Девица молча пожала плечами и показала мне папаш.
Она не знала, кто ее отец, и это нас с ней тоже роднило.
– Что стало с твоей мама?
– А что бывает с наркоманами, герой?
– Плохо кончила?
– Даже хуже.
Диор посмотрела огонь и под треск хвороста тихо продолжила:
– Ближе к концу она стала похожа на призрак: серая кожа, выпавшие зубы. Не мертвая, но и не живая. При этом из рабства так и не вырвалась. Вот такому богу она молилась. Такого дьявола винила в бедах. Ей не хватало ума понять, что они – это одно и то же.

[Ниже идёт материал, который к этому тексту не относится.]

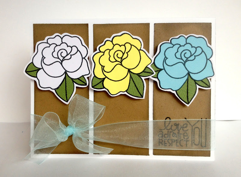 I paper pieced each of the roses (the yellow is my favorite !!) and popped them up from the kraft layers. I stamped the "love, admire, respect you" sentiment beneath the sheer ribbon. I really like how that looks!

Как-то я пропала из дому на несколько дней. К тому времени я привыкла заботиться о себе. Подружилась кое с кем. Однажды решила проведать мама. Захожу в дом, а она на полу у кровати лежит, глаза закатила. Я сразу подумала о худшем: знала, что привычка в конце концов убьет ее. Но губы у нее еще шевелились, и я решила, что ей, может быть, снится сон. Потрясла ее за плечо, и тут изо рта у нее выскочила крыса.
У меня мучительно скрутило живот.
– Благая Дева-Матерь…
Диор покачала головой и глубоко вздохнула.
– Эта хрень снится мне почти каждую ночь.
– Сколько тебе тогда было?
– Лет двенадцать. Потом были улицы Лашаама. – Диор откинула челку с глаз, и к ней вернулась прежняя заносчивость. – Украденный кафтан. Стрижка ржавым ножом. Так было проще. Не легко, но проще. Улица парней имеет не так, как девочек.
– Соболезную.
– Правда?
– Ну разумеется, – рассердился я. – Я, конечно, сволочь, но не чудовище.
Диор порылась в карманах моего пальто и достала серебряную трубку.
– Тогда тебе надо выбросить эту штуковину в речку, герой. Вернуться к семье: поцеловать жену, обнять дочурку и пообещать больше никуда не отлучаться.
– И бросить тебя?
– Все же бросают.
В словах Диор слышалось не сожаление. Скорее, гнев. Ей вообще, похоже, было не свойственно лелеять скорбь. Однако тут на нее снизошел покой, мягкий, как тень. Когда я попытался припомнить себя в ее годы, то понял, что она сейчас куда старше меня в шестнадцать лет.